>>>

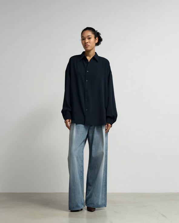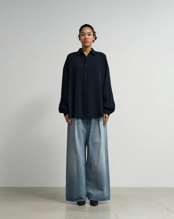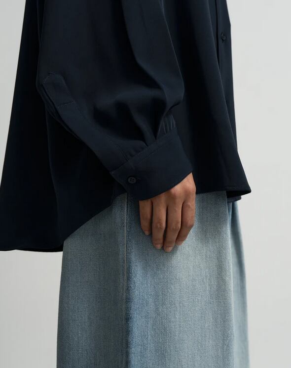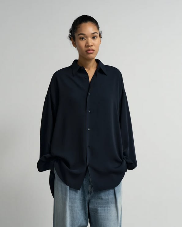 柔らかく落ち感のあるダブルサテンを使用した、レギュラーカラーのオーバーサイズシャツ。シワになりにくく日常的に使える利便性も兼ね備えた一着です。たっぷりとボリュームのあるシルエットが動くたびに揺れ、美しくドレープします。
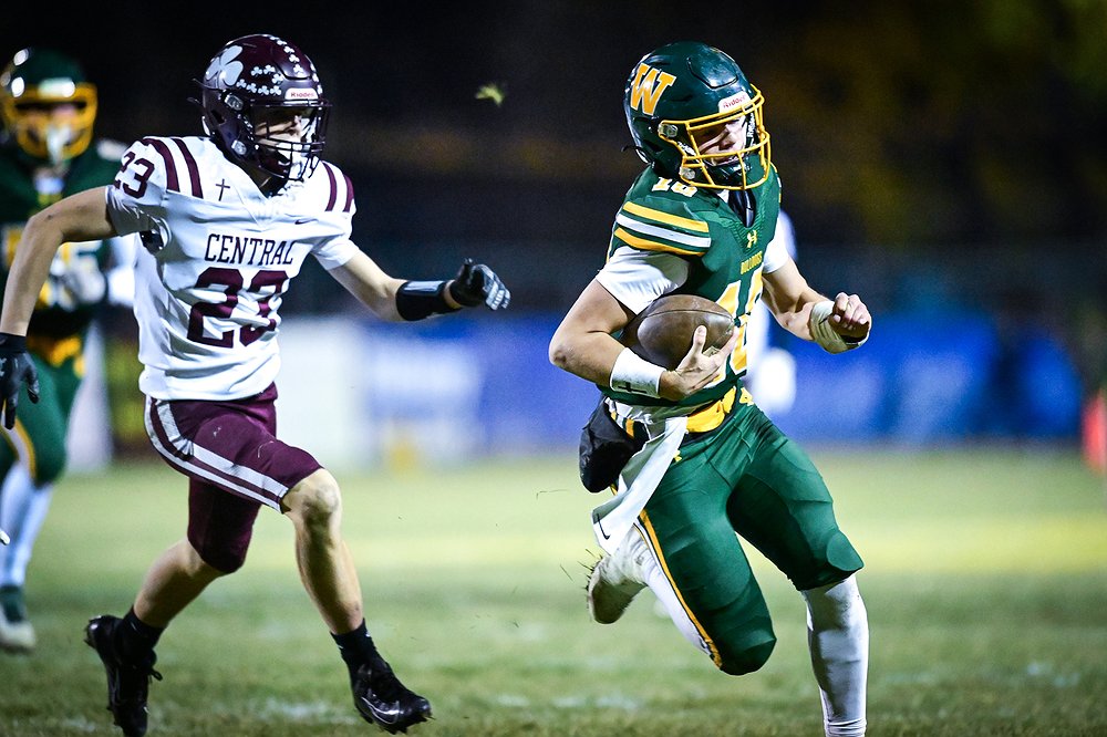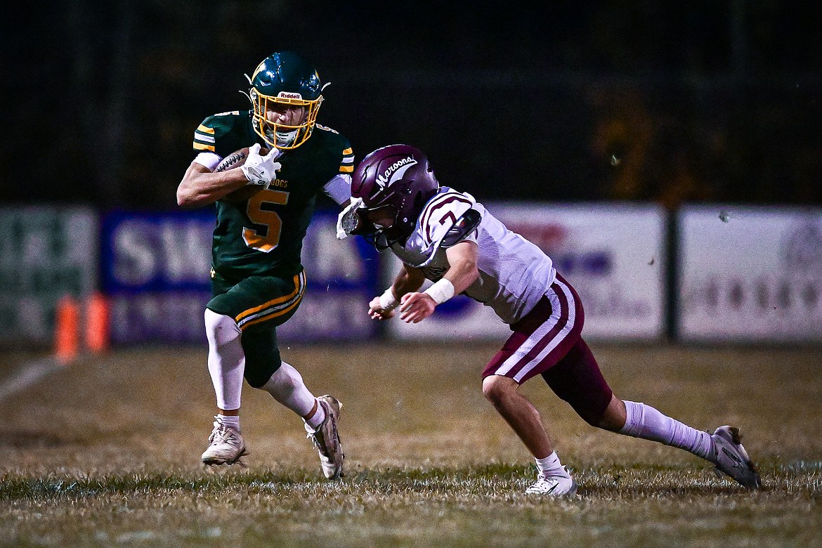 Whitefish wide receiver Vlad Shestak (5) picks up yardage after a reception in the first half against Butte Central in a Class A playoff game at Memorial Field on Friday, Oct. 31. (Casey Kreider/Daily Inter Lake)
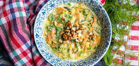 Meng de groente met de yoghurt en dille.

<<<

What is being asked
Take the line with "Whitefish wide receiver" and each line after it through the end of the material above, and reproduce them exactly, without the pictures.

Answer space
 Whitefish wide receiver Vlad Shestak (5) picks up yardage after a reception in the first half against Butte Central in a Class A playoff game at Memorial Field on Friday, Oct. 31. (Casey Kreider/Daily Inter Lake)
 Meng de groente met de yoghurt en dille.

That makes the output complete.